Our two families became close, having sip-and-chat visits to each other’s homes and generally socializing; but the more I came to know him, the more I was drawn into his personal issues, to the point of being counselor and adviser.
It turned out, fascinatingly, that his wife was not his wife, except for the peculiar circumstance that they shared a surname… thus she was Miss Fisher. In 14 years of being together, they had never married.

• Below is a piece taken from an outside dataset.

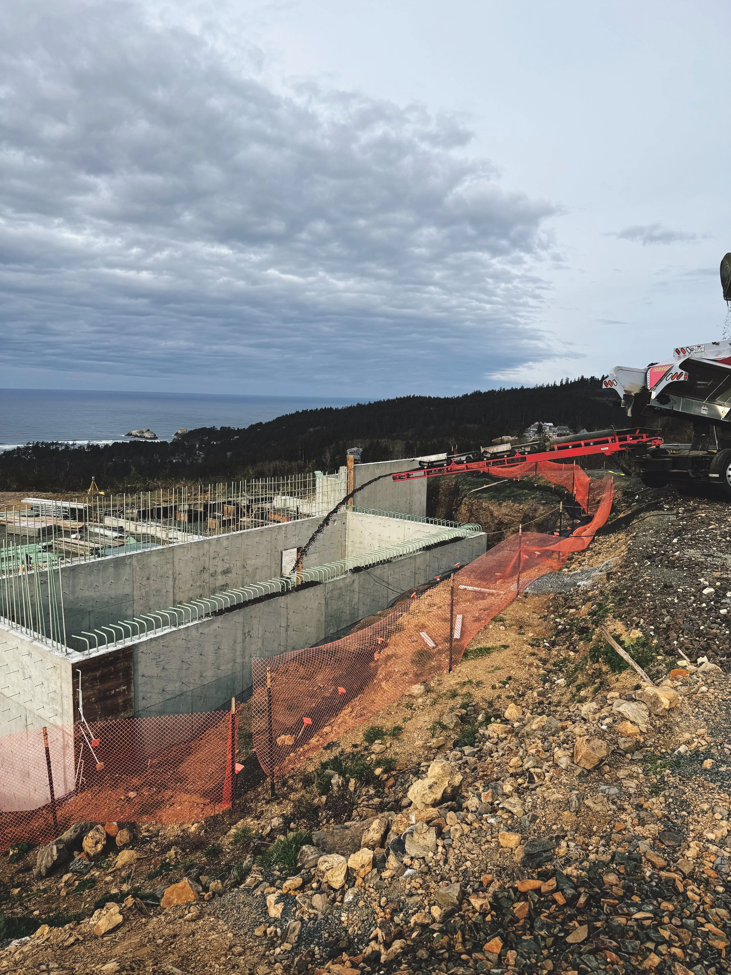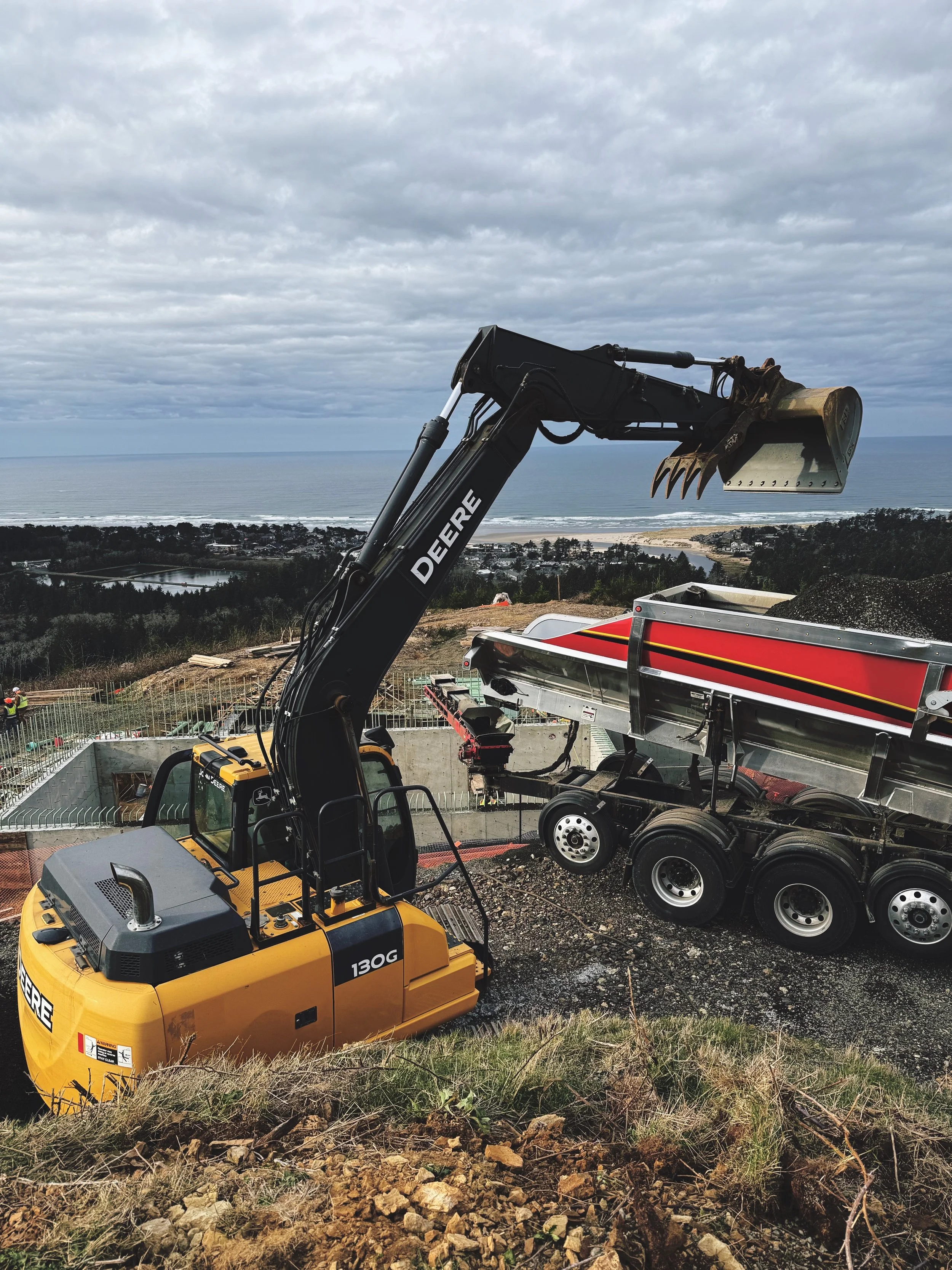 This custom home is being built high in the hills above Cannon Beach, with a direct view of Haystack Rock and the Pacific. The foundation is cut into a steep hillside, and with a slab pour coming up, the base material needed to be placed right — ¾” minus crushed rock, compacted in lifts, no shortcuts.

Also, he experienced difficulty in avoiding the Barbados rum, which eased up somewhat only after I had persuaded him towards the Barbados chapter of Al-Anon.
I was astounded to witness more than once the manner in which he created his masterpieces: He would drink and paint, drink and paint, drink and paint… going without food for two or three days… and at the end, if he was satisfied with his work, he would be the happiest person alive… Laughing and singing and ordering a fine meal.

But then, there was the other side: I’ve looked at paintings that I considered great pieces of art, but if for some odd reason he was not satisfied, in a flood of tears he would stomp work into pieces, toss their parts into the sea and watch them float away on the waves.
The counselling duties were not infrequent. Sometimes I would be asleep, the phone rings and it’s Peter Fisher, wanting to get my point of view on a problem or some issue; or about some affair in which he was entangled with a Barbadian female.
Then he and Monique departed the island… as it turned out, for the last time from their idyllic island home named “Chateau Monique”.

When next I heard from Peter Fisher it was via a phone call from Montreal, Canada. He had held an exhibition there, one of the viewers was a beautiful and wealthy French-Canadian businesswoman. They had fallen in love and had agreed to marry… and they later did.
I received a happy letter from him… then a long gap… then a sad letter. She was too serious a woman, as her social group was, for this bubbly painter who at first had enthralled her; and she left him. The problem was, he was deeply in love with her, and asked my intercession.
I spoke by phone with her, and understood her position. At the beginning, she had been fascinated with his different kind of personality… a free spirit, very unlike the staid, suave, upper crust, highly educated males with whom she had been accustomed to socializing in Montreal. But over time, she had tired of him, and decided she wanted more in a permanent partner.

The ball was therefore back in my court, as Peter Fisher persuaded me to ask Monique to resume their relationship.
However, by this time she had relocated to the United States, settled back well and had established her own restaurant business, managing it very successfully.
She was exceedingly tolerant to hear me out; but the answer was that she was getting on very well with her life, and after what Peter had done to her, she was not prepared to retrace steps. It had taken her several years to mend her heart. Peter was shattered with the response.

Sometime afterwards I received information that Peter J. Fisher, back in the United States, had doused himself with petrol and struck a match: self-immolation.
I have great memories of his personality and exceptional talent, in addition to having six paintings by him: the large Clive Lloyd and William Demas originals (in Boston), the Mel Fisher copy (in Barbados), and three small originals (in Boston).